Устремив широко раскрытые глаза на стол и машинально вертя оловянную вилку между пальцев, Катилина долгое время оставался безмолвным и неподвижным среди молчавших сотрапезников.
Судя по кровавому блеску, появлявшемуся в его зрачках, по дрожанию руки, по нервным сокращениям всех мышц и по внезапно вздувшейся большой вене, которая пересекала его лоб, в душе Катилины происходила страшная борьба и в мозгу роились грозные замыслы.
— О чем ты думаешь, Катилина? Что тебя так сильно огорчает? — спросил, наконец, Требоний, услышав его вздох, похожий на рычанье.

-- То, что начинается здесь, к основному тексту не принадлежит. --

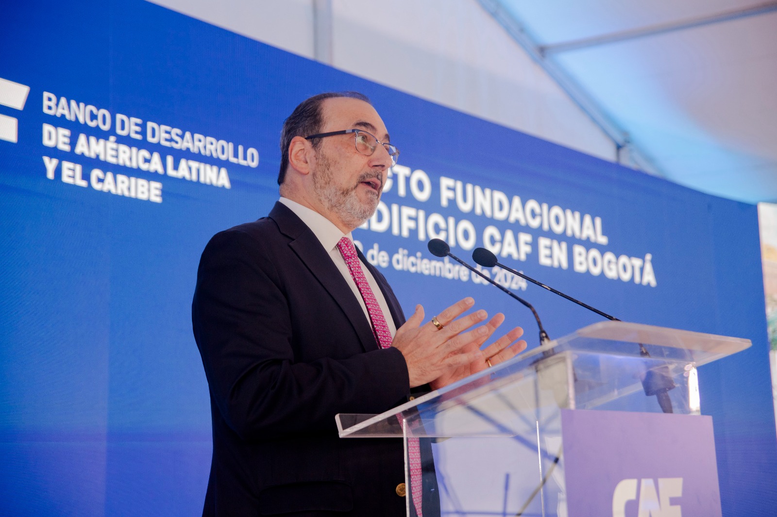 (Bogotá, 9 de diciembre de 2024). Durante la ceremonia de colocación de la primera piedra del edificio, Sergio Díaz-Granados, presidente ejecutivo de CAF, destacó que este proyecto es un reflejo de los valores de la institución y de su relación histórica con Colombia, uno de los países fundadores de CAF.

— Я думал, — ответил Катилина, — что в том году, когда было налито в кувшин это фалернское вино, был предательски убит в портике своего дома трибун Ливии Друз, подобно тому, как за немного лет до этого был убит трибун Луций Апулей Сатурнин, как еще ранее были зверски зарезаны Тиберий и Кай Гракхи — две величайших души, которые были украшением нашей родины. И всякий раз за одно и то же дело — за дело неимущих и угнетенных, и всякий раз одной и той же преступной рукой — рукой бесчестных аристократов.
И после минуты раздумья он воскликнул:
— И неужели написано в заветах великих богов, что угнетаемые никогда не получат покоя, что неимущие никогда не получат хлеба, что человечество всегда будет разделено на два лагеря — волков и ягнят, пожирающих и пожираемых?..

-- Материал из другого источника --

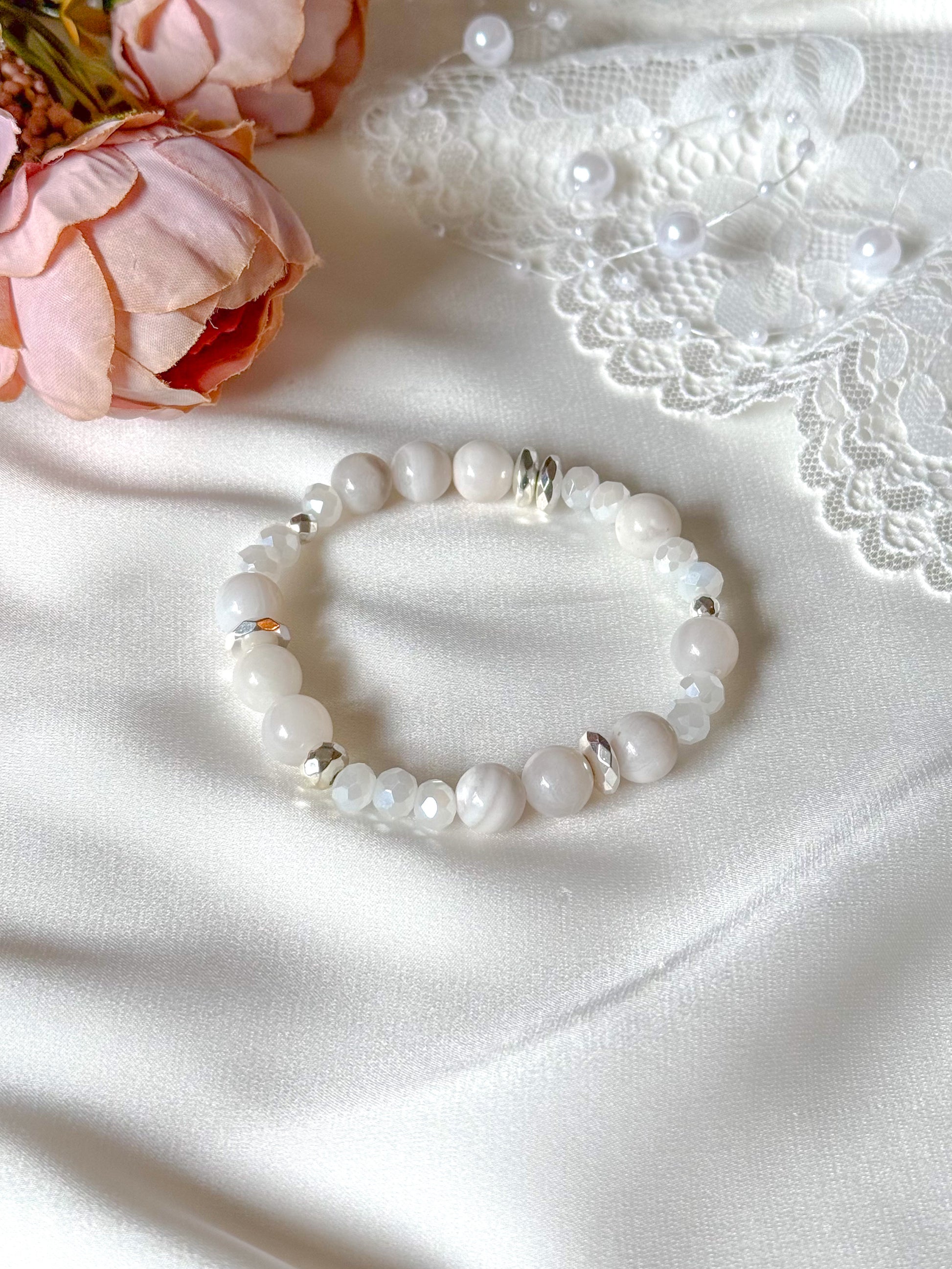 Delicately woven with 6 mm white glass beads and bold 8 mm Crazy Lace Agate, the Whispering Lace Bracelet is a harmonious blend of softness and vibrant energy. Crazy Lace Agate, known as the “Laughter Stone,” uplifts the spirit and encourages joy, while the white glass beads add a touch of purity and balance. Together, they create a bracelet that inspires positivity, clarity, and emotional strength. Wear Whispering Lace as your daily reminder to find beauty in life’s patterns and to embrace every moment with lightness and grace.

— Нет! Клянусь всеми богами Олимпа! — закричал могучим голосом Спартак, ударив кулаком по столу.
В то время, как происходил этот разговор, в передней комнате шум и крики все усиливались, соответственно количеству вина, которое было поглощено находившимися в ней пьяницами:
Вдруг Катилина и его сотрапезники услышали крики:
— А, Родопея! Родопея!
При этом имени Спартак вздрогнул всем телом. Оно напомнило ему родную Фракию, горы, его дом, его семью. Несчастный! Сколько разрушенного счастья! Сколько сладких и печальных воспоминаний!
— Добро пожаловать, добро пожаловать, прекрасная Родопея! — кричали разом десятка два пьяниц.
Родопея была красивая девушка двадцати двух лет, высокая и стройная, с чистым лицом, правильными чертами, с очень длинными белокурыми волосами, с живыми и выразительными голубыми глазами. Она была одета в синюю тунику, украшенную серебряными каемками; на руках ее были серебряные браслеты, а вокруг головы синяя лента из шерсти. По всему ее виду можно было догадаться, что она не римлянка, а рабыня низшего сорта. Легко можно было понять, какую злосчастную жизнь она принуждена была вести.